Data block Block Start

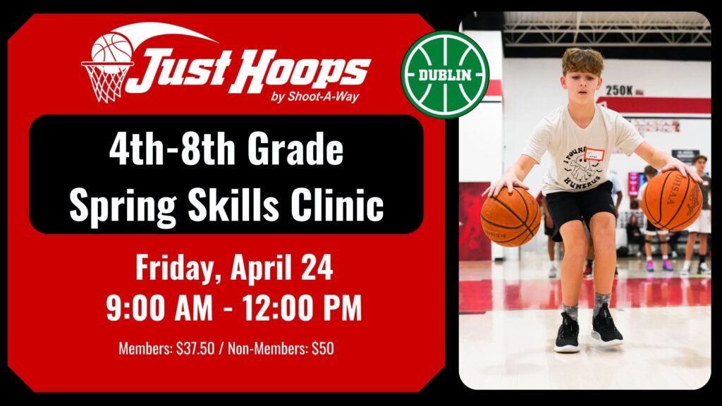 The Just Hoops Spring Skills Clinic is designed to sharpen every part of a player’s game. Through focused drills, competitions, and live play, athletes will improve their shooting, ball-handling, passing, and overall offensive feel. Players will also learn how to move without the ball, create space, and understand key offensive concepts like spacing and screening. It’s the perfect way to build confidence and stay sharp this spring.
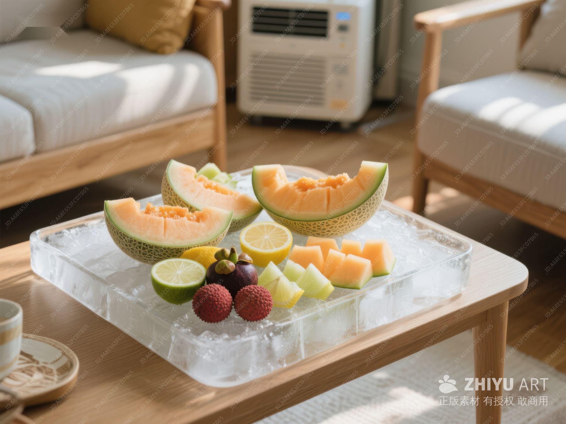 新鲜水果拼盘,冰块上冒着蒸汽 692
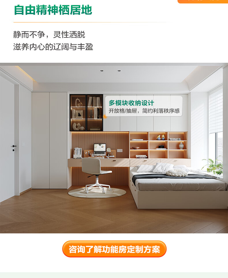 Oubli tatami customized modern simple wardrobe and bookcase combination integrated multi-layer board tatami bed customized for the whole house 899 per square meter customized gold
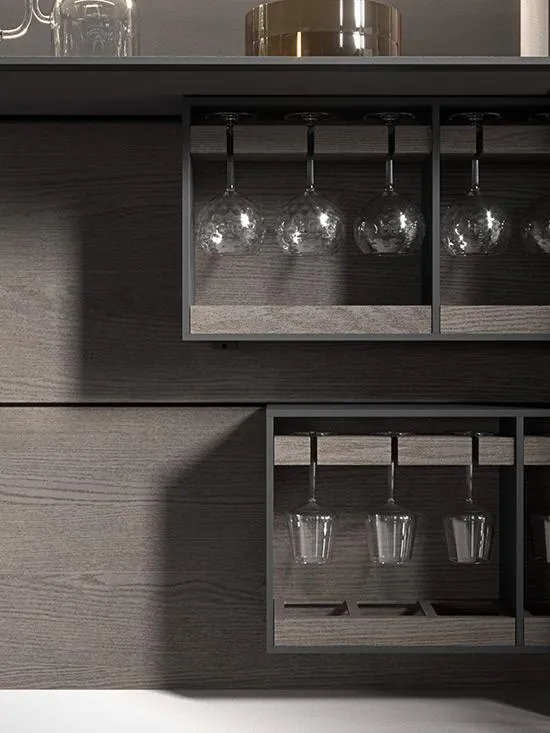 MH6 Living se distingue par ses volumes généreux, ses modules toute hauteur et ses compositions audacieuses. Finitions variées, façades sans plinthe ou poignées (push-pull), portes en saillie de 15 cm, niches intégrées rétroéclairées—tout est conçu pour sublimer le salon ou le séjour.

Data block Block End

▶ **Task prompt**
When you reach a picture, pass over it; write out all other material exactly.

▶ **Answer section**
 The Just Hoops Spring Skills Clinic is designed to sharpen every part of a player’s game. Through focused drills, competitions, and live play, athletes will improve their shooting, ball-handling, passing, and overall offensive feel. Players will also learn how to move without the ball, create space, and understand key offensive concepts like spacing and screening. It’s the perfect way to build confidence and stay sharp this spring.
 新鲜水果拼盘,冰块上冒着蒸汽 692
 Oubli tatami customized modern simple wardrobe and bookcase combination integrated multi-layer board tatami bed customized for the whole house 899 per square meter customized gold
 MH6 Living se distingue par ses volumes généreux, ses modules toute hauteur et ses compositions audacieuses. Finitions variées, façades sans plinthe ou poignées (push-pull), portes en saillie de 15 cm, niches intégrées rétroéclairées—tout est conçu pour sublimer le salon ou le séjour.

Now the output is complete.